2014 workshops

In addition to presentations, birds of a feather meetings, booksignings and socials, Data Day will host a variety of workshops on the technologies requested by our attendees. Below are some of the workshops scheduled. We'll be publishing the remainder in the next few days.

For those of you interested in a deep dive into machine learning, Paco Nathan will be teaching his Hands-on Introduction to Machine Learning on Friday, January 10. This is a full day course.

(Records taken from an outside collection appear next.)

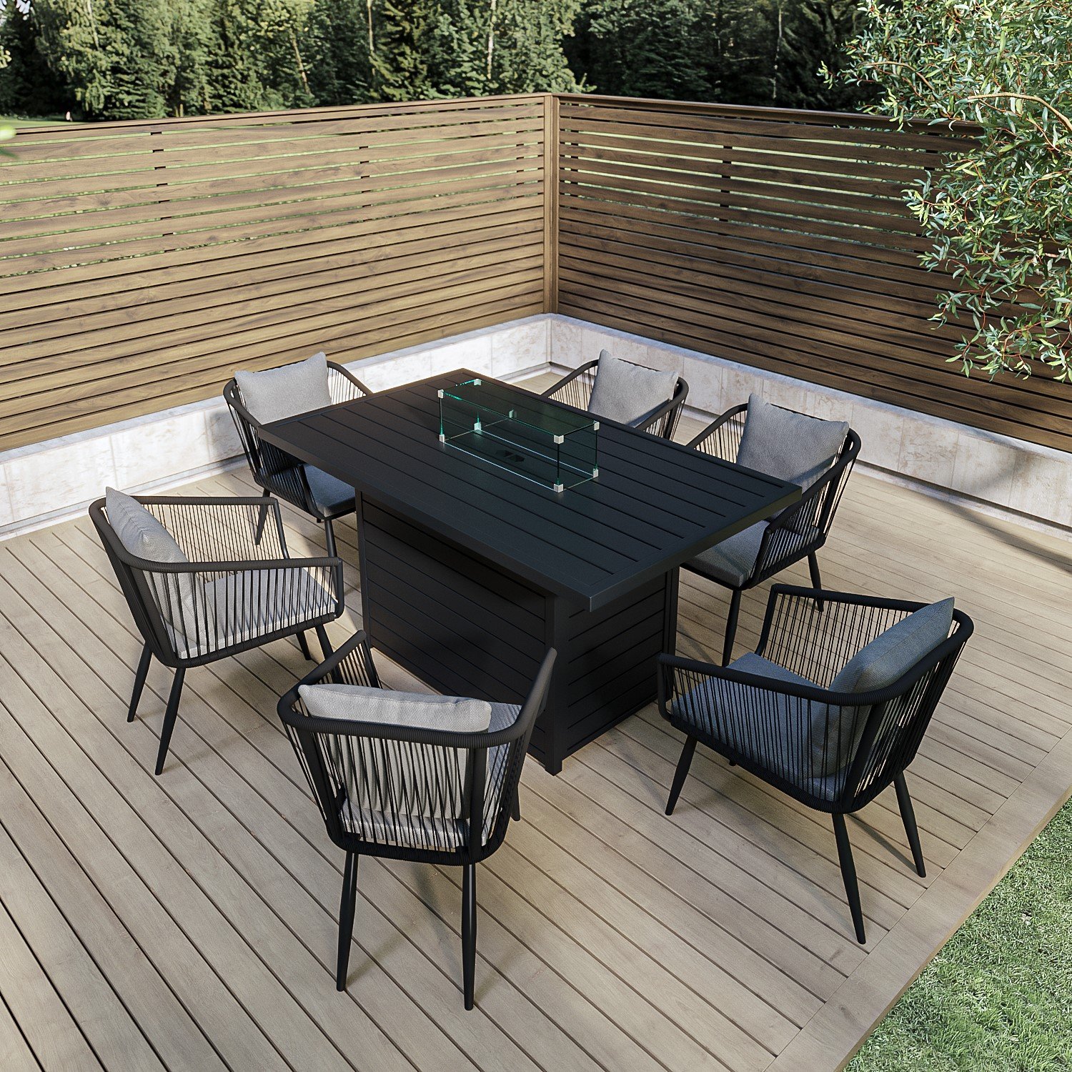 6 Seater Grey Aluminium & Rope Dining Set with Firepit Table – Como
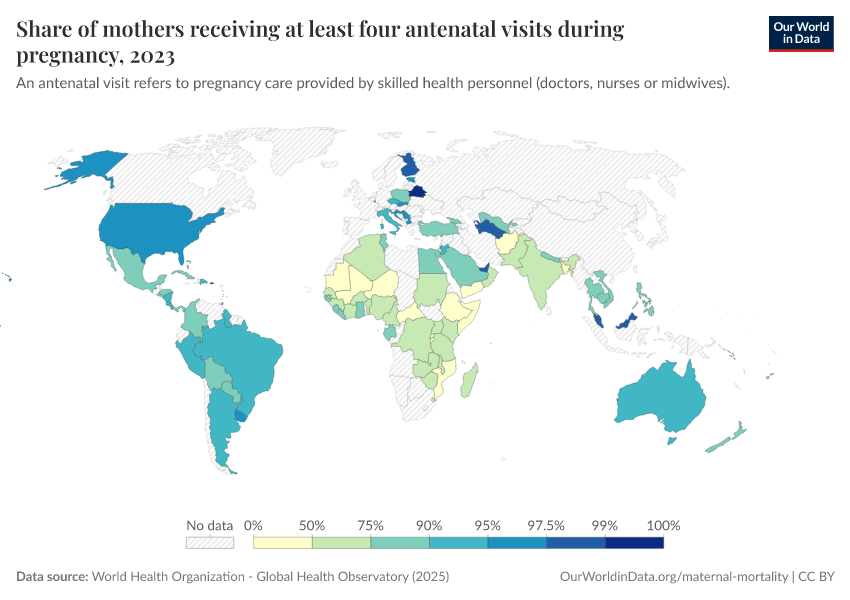 “Data Page: Share of mothers receiving at least four antenatal visits during pregnancy”. Our World in Data (2026). Data adapted from World Health Organization. Retrieved from https://owid-bot-svg-tester-thumbnai.owid.pages.dev/grapher/share-of-mothers-receiving-at-least-four-antenatal-visits-during-pregnancy [online resource]How to cite this data
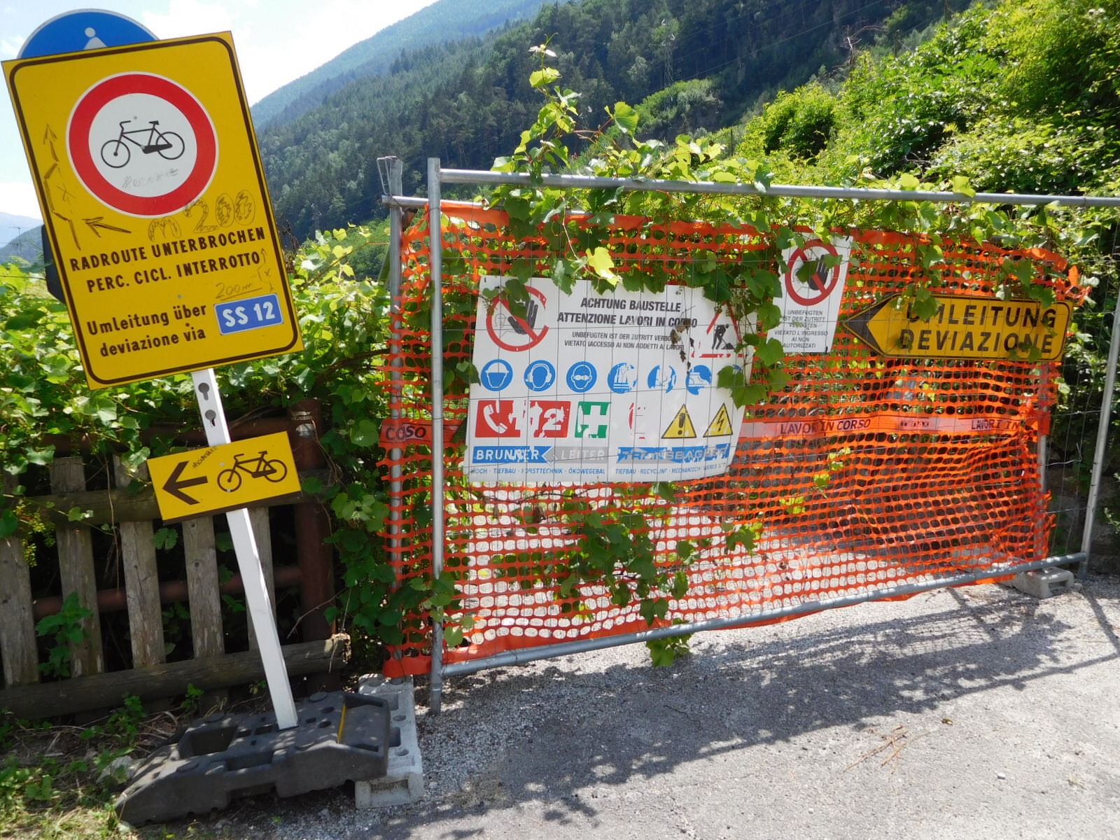 We ran into this detour, which we thought was uniquely Italian. It had been there so long that the grapes will be harvestable on the barrier.

How to Build a Hadoop Data Application

Eric Sammer, O'Reilly Author and Engineering Manager, Cloudera
With a such a large number of components in the Hadoop ecosystem, writing Hadoop applications can be a challenge for users who are new to the platform. The Cloudera Development Kit (CDK) is an open source project with the goal of simplifying Hadoop application development. It codifies best-practice for writing Hadoop applications by providing documentation, examples, tools, and APIs for Java developers.
We will discuss the architecture of a common data pipeline from data ingest from an application to report generation. Hadoop concepts and components (including HDFS, Avro, Flume, Crunch, HCatalog, Hive, Impala, Oozie) will be introduced along the way, and they will be explained in the context of solving a concrete problem for the application. The goal is to build a simple end-to-end Hadoop data application that you can take away and adapt to your own use cases.
Attendees should be familiar with Java and common enterprise APIs like Servlets. No prior experience of Hadoop is necessary, although an awareness of the functions of components in the Hadoop stack is a plus.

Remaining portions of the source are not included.